Methodology: Probing Word2Vec with Compositional Tasks

Using the pre-trained Google News 300-dimensional Word2Vec model, five compositional probes were tested: Adjective-Noun (A+N) pairs (e.g., “hard rock”), Subject-Verb-Object (SVO) sentences (e.g., “dog bites man”) contrasted with Object-Verb-Subject (OVS) structures (e.g., “man bites dog”) (using simple vector addition), semantic analogies (A – B + C) (e.g., “king – man + woman  ≈ queen”), simple additive combinations  (e.g., “unmarried + man ≈ bachelor”), and TPR for SVO/OVS sentences.

Results

Simple vector addition (subject_vec + verb_vec + object_vec) yielded identical composite vectors for SVO and OVS sentences (cosine similarity = 1.0), proving entirely insensitive to word order and syntactic rules. This supports the LoT argument for structure-sensitive mechanisms. For A + N pairs, vector addition performed a form of semantic blending, often creating plausible composite neighbors and aligning with predefined target words for common or concrete pairings (e.g., “hard rock” yielding music-related terms). However, it struggled with other combinations (e.g., “weak coffee”), suggesting it reflects co-occurrence statistics rather than rule-based modification (composite vector was not significantly closer to the noun than the adjective p > .05).

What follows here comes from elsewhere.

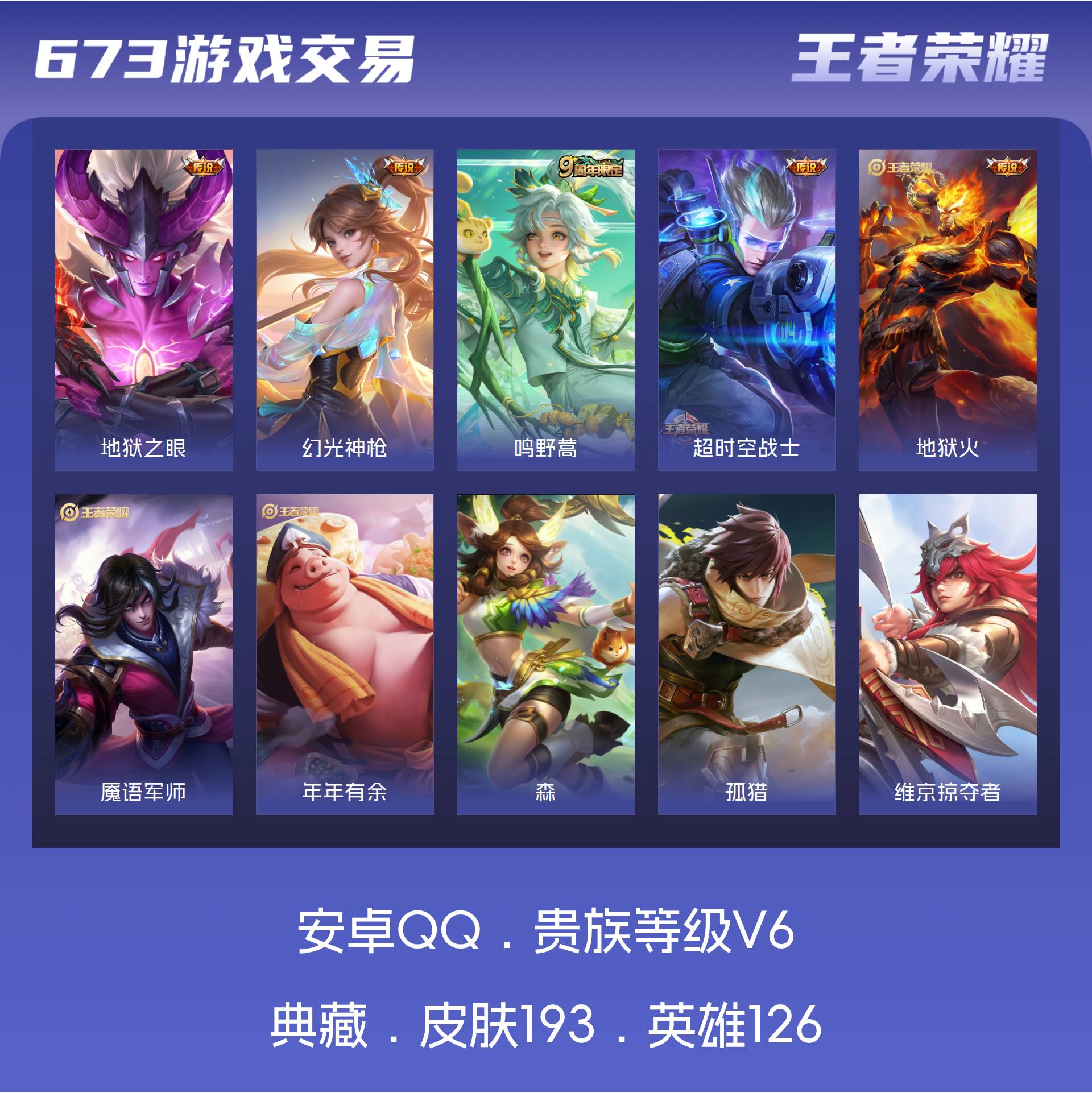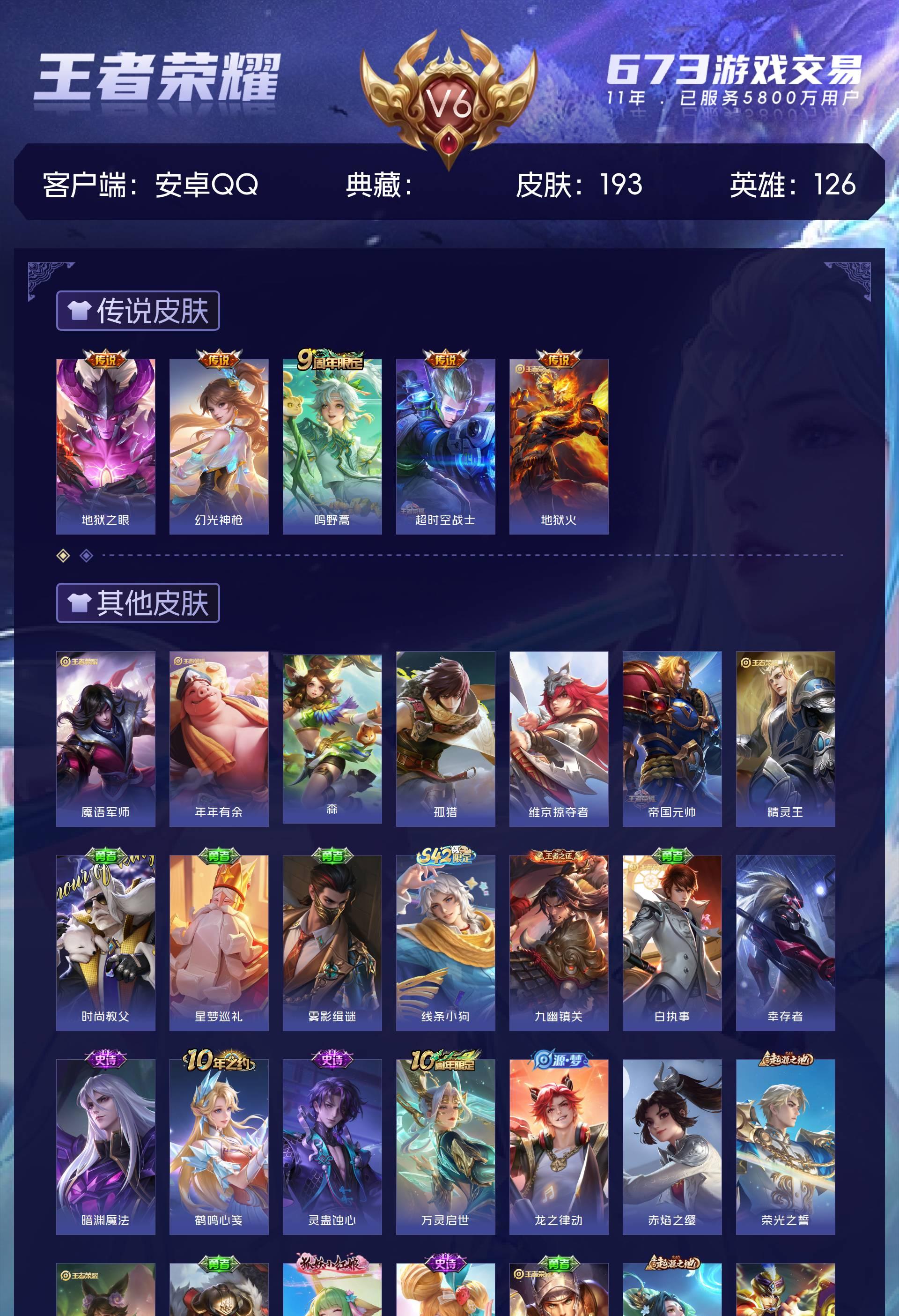 V6 皮肤193 英雄126 尊贵铂金 传说5

In contrast, vector arithmetic successfully resolved many semantic analogies (e.g., king – man + woman ≈ queen), indicating Word2Vec captures abstract relationships as consistent vector differences. Simple A + B = C additions (e.g., unmarried + man ≈ bachelor) showed mixed success, highlighting the limitations of pure addition even for semantic combinations. Crucially, a demonstration of TPR for SVO/OVS sentences, using outer products for binding distinct role vectors (grammatical functions) to filler vectors (actual words), showed a non-zero “tensor distance” between SVO and OVS matrix representations. This TPR method successfully encoded structural differences, indicating its potential for modeling structured composition.

Conclusion

Overall, this study computationally confirms that while Word2Vec vector spaces encode rich semantic relationships exploitable by vector arithmetic, simple vector addition is an inadequate mechanism for robust linguistic compositionality, particularly concerning syntax. These findings reinforce the LoT’s emphasis on structured representations [1]. While simple vector addition fails to meet these structural demands, the successful differentiation of SVO/OVS structures by the TPR demonstrates that more sophisticated, structure-sensitive operations can leverage distributional word embeddings to better model compositional meaning. This highlights the need for such advanced compositional operations in computational models of language and thought.

References

[1] J. A. Fodor, and Z. W. Pylyshyn, “Connectionism and cognitive architecture: a critical analysis,” Cognition, vol. 28, no. 1-2, pp. 3-71, March 1988, doi: 10.1016/0010-0277(88)90031-5.

[2] P. Smolensky, “Tensor product variable binding and the representation of symbolic structures in connectionist systems,” Artificial Intelligence, vol. 46, no. 1-2, pp. 159-216, Nov. 1990. doi: 10.1016/0004-3702(90)90007-M.

Published

2025-06-10